The Corruptor – 1 star

John Frankenheimer’s Ronin was a primer on film car chases, equaling William Friedken’s set pieces in The French Connection and To Live and Die in L.A. and surpassing Peter Yates in Bullitt (though, The Seven Ups has the best car chase scene in film history).

In James Foley’s The Corruptor, you can see the worst car chase in all of film, a 25 mile per hour snorefest through the alleys of NYC’s Chinatown. One straight line, very low speed, back and forth, back and forth. One Adam 12 had wilder high speed pursuits.

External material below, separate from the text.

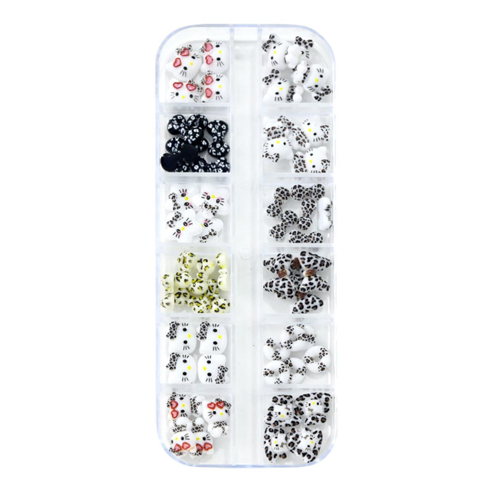 【特価セール】ネイルパーツ キティ リボン 1ケース入り 可愛い 大きい キティ ネイルパーツ ストーン 3D 立体 リボン デコパーツ 猫 蝶結び ネイルアート ジュエリーパーツ 手芸 ハンドメイド レジン パーツ (ヒョウ柄 黒)

The “chase” is indicative of Foley’s ineptitude with the action genre (Foley’s best work has been in the non-action category – Glengarry Glen Ross and After Dark, My Sweet. His principals – Mark Wahlberg and Yun Fat Chow – kill everyone in sight with handguns, loaded by their inexhaustible supply of clips. And if you are firing at Wahlberg or Chow with a machine gun, you will miss, but you will also break a lot of glass. Indeed, the opening action sequence is a shootout in a lamp and ceramic store.

So, the action is ham-handed and sadly, the script sucks. In a nutshell: Old vet meets young rookie, who has been assigned to Chinatown. Old vet tells young rookie, “You don’t change Chinatown. It changes you.” Or something like that, because Chow’s English is a little iffy, so the line may come across as follow: “Ru don chanse Chintown. It chanses ru.” Thereafter, we hear the patented “dow, dow, ding” of Chinese massage parlor music.

Chow’s principal strength is the ability to make his eyes go all crazy just before he’s about to shoot a bunch of guys.

Wahlberg, who can be effective when leashed very tight, merely sleepwalks through this muddle.